[Saved entries]
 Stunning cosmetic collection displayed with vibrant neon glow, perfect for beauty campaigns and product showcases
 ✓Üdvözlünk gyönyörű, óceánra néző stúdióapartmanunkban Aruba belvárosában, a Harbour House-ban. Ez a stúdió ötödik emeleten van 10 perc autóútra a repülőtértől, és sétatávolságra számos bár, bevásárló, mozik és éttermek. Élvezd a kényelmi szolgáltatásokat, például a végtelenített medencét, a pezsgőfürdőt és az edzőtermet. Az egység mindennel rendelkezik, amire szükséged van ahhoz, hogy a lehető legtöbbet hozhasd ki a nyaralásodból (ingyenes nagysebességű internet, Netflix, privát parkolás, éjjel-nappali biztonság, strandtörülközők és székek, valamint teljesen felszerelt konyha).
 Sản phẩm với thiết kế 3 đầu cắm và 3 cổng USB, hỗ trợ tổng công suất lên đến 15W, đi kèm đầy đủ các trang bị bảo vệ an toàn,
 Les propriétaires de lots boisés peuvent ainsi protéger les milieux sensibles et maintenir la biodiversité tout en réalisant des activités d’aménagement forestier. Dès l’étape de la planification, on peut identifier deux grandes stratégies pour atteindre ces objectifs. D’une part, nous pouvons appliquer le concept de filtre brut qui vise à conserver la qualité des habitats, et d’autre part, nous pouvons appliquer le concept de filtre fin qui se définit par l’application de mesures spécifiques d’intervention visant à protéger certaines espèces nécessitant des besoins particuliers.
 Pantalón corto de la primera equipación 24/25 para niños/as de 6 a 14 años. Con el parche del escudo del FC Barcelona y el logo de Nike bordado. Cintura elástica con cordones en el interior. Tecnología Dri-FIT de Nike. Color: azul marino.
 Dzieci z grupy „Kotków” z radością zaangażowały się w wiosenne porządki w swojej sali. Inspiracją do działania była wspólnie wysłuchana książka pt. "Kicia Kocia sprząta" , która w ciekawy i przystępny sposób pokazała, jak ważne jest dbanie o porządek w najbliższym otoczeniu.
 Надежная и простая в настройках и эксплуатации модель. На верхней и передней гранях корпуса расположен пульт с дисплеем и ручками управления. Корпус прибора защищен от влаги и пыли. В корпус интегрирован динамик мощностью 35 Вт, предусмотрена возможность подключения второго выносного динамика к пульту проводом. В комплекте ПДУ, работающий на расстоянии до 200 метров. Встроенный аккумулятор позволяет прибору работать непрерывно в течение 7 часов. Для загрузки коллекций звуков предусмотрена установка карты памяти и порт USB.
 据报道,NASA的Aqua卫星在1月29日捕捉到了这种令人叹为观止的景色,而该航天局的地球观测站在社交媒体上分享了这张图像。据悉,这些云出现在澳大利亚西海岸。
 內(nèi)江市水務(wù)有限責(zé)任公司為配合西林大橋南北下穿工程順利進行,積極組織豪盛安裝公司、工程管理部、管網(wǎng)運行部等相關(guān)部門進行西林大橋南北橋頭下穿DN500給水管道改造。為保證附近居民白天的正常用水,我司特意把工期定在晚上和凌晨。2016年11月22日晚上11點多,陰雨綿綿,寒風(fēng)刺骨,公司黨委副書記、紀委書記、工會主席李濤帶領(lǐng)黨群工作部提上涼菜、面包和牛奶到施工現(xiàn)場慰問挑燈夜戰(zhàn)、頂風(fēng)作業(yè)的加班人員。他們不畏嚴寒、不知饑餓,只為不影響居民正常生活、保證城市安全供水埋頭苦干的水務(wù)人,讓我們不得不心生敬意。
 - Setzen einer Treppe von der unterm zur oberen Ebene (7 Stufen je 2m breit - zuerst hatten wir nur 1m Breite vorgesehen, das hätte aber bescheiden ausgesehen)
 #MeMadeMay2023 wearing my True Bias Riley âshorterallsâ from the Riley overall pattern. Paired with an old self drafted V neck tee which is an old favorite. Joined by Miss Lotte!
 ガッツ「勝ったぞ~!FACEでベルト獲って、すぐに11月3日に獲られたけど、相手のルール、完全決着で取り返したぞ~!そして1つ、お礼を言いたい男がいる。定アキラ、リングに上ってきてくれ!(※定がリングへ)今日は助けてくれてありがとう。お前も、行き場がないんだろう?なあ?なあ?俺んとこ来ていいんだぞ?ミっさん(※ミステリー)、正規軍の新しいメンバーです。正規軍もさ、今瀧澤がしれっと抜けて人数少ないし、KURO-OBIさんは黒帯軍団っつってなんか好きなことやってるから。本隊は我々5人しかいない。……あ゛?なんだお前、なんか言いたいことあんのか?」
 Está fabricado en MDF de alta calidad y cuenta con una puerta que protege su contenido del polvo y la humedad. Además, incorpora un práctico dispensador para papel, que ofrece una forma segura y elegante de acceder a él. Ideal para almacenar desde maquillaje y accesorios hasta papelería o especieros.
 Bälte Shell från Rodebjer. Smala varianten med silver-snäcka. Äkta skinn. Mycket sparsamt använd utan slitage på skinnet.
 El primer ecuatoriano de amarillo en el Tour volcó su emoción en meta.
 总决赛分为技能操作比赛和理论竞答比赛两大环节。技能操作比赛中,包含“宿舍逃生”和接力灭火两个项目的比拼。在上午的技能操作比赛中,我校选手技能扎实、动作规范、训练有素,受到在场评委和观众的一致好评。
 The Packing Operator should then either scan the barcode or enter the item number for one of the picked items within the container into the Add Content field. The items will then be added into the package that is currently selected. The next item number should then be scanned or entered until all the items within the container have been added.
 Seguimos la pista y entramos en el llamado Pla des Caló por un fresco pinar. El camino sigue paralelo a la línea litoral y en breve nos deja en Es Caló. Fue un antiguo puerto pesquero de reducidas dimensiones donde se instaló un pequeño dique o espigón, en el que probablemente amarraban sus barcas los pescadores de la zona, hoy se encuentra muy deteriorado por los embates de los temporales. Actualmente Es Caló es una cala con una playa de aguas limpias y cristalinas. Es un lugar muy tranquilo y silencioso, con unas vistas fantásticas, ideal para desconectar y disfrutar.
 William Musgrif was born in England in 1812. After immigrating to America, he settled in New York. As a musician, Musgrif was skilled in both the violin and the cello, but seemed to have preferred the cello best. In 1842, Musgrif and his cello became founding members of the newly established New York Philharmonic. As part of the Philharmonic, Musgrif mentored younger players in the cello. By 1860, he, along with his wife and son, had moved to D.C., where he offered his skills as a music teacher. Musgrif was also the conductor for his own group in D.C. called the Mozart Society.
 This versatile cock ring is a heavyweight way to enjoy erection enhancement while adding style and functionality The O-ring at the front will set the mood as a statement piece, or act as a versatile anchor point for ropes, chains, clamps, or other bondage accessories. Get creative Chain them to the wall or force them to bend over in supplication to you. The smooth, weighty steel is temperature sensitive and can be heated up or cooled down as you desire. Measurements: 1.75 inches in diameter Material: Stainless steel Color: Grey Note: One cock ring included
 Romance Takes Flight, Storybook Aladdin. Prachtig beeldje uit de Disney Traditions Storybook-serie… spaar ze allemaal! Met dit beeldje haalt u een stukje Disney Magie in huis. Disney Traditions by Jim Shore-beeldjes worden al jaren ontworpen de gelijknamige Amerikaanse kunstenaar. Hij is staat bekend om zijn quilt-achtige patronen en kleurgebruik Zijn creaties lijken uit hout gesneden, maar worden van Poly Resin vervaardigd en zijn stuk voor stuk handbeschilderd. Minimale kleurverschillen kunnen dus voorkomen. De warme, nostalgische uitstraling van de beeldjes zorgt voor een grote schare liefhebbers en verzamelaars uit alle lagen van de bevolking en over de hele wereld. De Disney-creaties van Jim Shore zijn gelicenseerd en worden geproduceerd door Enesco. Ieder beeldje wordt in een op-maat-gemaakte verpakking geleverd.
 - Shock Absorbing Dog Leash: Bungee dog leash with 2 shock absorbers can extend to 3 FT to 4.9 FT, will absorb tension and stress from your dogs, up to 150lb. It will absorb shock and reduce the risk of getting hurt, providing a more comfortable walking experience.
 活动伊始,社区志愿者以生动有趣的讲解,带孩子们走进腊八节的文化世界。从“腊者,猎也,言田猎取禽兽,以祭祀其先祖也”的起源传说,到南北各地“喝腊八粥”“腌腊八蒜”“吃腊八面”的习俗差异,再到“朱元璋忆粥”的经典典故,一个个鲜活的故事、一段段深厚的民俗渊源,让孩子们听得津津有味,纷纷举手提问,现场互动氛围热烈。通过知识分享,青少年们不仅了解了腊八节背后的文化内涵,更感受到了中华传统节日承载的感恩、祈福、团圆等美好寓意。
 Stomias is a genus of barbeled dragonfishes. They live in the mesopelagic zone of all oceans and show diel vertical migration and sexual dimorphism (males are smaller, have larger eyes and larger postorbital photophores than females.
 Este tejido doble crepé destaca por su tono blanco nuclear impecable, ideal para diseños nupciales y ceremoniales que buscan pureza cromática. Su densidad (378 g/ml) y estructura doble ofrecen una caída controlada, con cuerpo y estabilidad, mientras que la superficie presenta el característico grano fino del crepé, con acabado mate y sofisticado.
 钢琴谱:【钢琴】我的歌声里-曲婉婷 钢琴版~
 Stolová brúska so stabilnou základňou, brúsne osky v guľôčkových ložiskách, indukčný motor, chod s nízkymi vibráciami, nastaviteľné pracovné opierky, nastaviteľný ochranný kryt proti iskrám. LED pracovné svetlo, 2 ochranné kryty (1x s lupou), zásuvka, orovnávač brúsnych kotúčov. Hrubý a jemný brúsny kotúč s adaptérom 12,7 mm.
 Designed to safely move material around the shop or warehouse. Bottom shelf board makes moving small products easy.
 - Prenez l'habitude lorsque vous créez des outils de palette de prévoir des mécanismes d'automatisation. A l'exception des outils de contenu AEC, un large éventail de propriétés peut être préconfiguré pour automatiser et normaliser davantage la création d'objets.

What is being asked
Look above for the line containing "据报道,NASA的Aqua卫". Output from there through the line containing "內(nèi)江市水務(wù)", exactly and inclusively.

Expected answer
 据报道,NASA的Aqua卫星在1月29日捕捉到了这种令人叹为观止的景色,而该航天局的地球观测站在社交媒体上分享了这张图像。据悉,这些云出现在澳大利亚西海岸。
 內(nèi)江市水務(wù)有限責(zé)任公司為配合西林大橋南北下穿工程順利進行,積極組織豪盛安裝公司、工程管理部、管網(wǎng)運行部等相關(guān)部門進行西林大橋南北橋頭下穿DN500給水管道改造。為保證附近居民白天的正常用水,我司特意把工期定在晚上和凌晨。2016年11月22日晚上11點多,陰雨綿綿,寒風(fēng)刺骨,公司黨委副書記、紀委書記、工會主席李濤帶領(lǐng)黨群工作部提上涼菜、面包和牛奶到施工現(xiàn)場慰問挑燈夜戰(zhàn)、頂風(fēng)作業(yè)的加班人員。他們不畏嚴寒、不知饑餓,只為不影響居民正常生活、保證城市安全供水埋頭苦干的水務(wù)人,讓我們不得不心生敬意。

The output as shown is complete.